中国の経済統計、特にGDPは世界中が固唾を飲んでその発表数字を見守っている。今や中国の景気動向は世界中の市場に影響を与えるためだ。中国の経済統計が悪い数字であれば株安となり、世界株安に連鎖する。中国が対ドルでの元基準値を切り下げれば、株安の世界連鎖が起こる。
しかし、ここに大きな問題がある。中国国家統計局が公表する経済統計は経済実態を反映していない可能性が大きいのだ。つまり、信頼性が低いということ。特に、GDPに関する統計は実態を反映していない可能性が高いという。
ある中国当局関係者によると、「市、県、省と行政区が大きくなっていくごとに、国家統計局に報告される統計数字が改ざんされていく。これは、数字が悪いと地方行政の責任を中央から叱責されるため、水増しされた数字を報告してくることに原因がある」という。

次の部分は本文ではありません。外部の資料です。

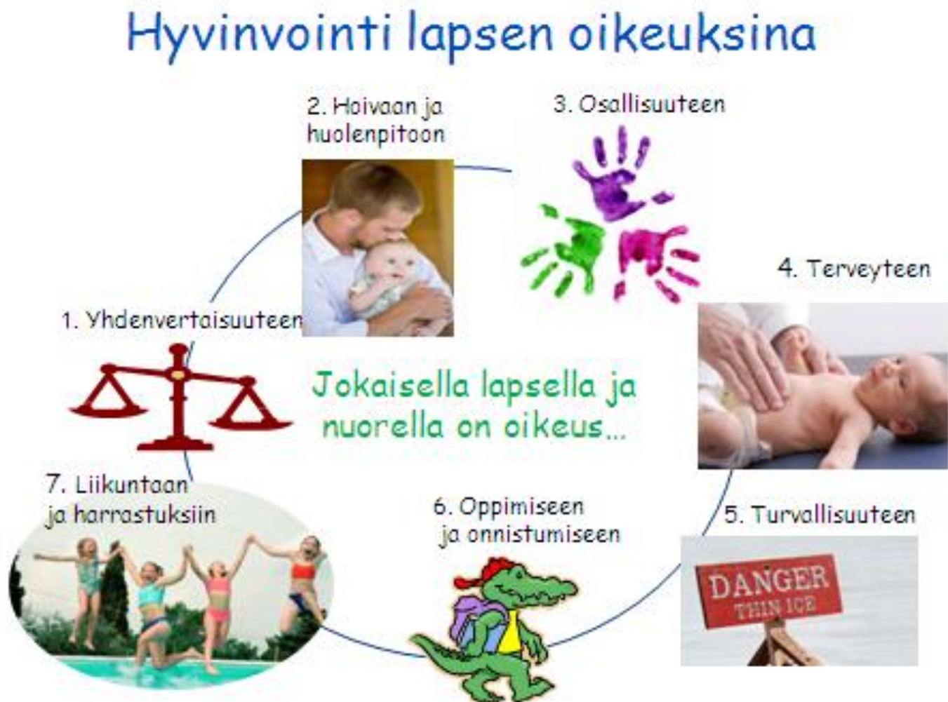
Kuva 1: Lasten ja nuorten hyvinvointiympyrä

Edellä kuvattu hyvinvoinnin määrittely on jäsentänyt suunnitelman valmisteluun liittyvää hyvinvointitiedon keruuta. Lasten ja nuorten hyvinvoinnin toteutumisesta Espoossa on saatavilla jonkin verran määrällistä tietoa, mutta laadullinen tieto jää melko niukaksi. Valtaosa nuorten hyvinvointia koskevasta tiedosta on saatu joka toinen vuosi toteutettavasta Kouluterveyskyselystä. Se on suunnattu yläkoulujen 8. ja 9. luokkalaisille, lukioiden sekä ammatillisten oppilaitosten 1. ja 2. vuoden opiskelijoille. Kouluterveyskyselystä ja sen indikaattoreista löytyy lisätietoa internetistä www.thl.fi/kouluterveyskysely . Palveluja ja niiden käyttöä koskevaa tietoa on koottu asiakastietojärjestelmistä, työntekijöille suunnatusta pienimuotoisesta kyselystä sekä espoolaisille vanhemmille internetissä syksyllä 2012 tehdystä

この国家統計局の経済統計の信頼性が低いことを公言してしまったのは、現在の李克強首相。李首相は遼寧省の共産党書記時代の2007年、米国大使との話の中で、「自らは中国の公式統計を信用していない」と述べている。この時、李首相は「政府の公式統計は用いずに、企業が発表ベースとなっている工業電力消費量、鉄道貨物輸送量、銀行貸出残高の3つの指標に基づいて、中国の経済状況を判断している」と語った。のちに、英エコノミスト誌が中国経済の動きを見るために、李首相が用いた工業電力消費量、鉄道貨物輸送量、銀行貸出残高の3つの指標を使った指数をつくり「李克強指数」と名付け、広く使われている。
つまり、中国政府から出される経済統計は、中国首相までもがその信頼性に疑義を持つほど信頼性が低く、企業発表のデータから経済動向を類推するほうが、より中国の経済実態に近い可能性が高いということなのだ。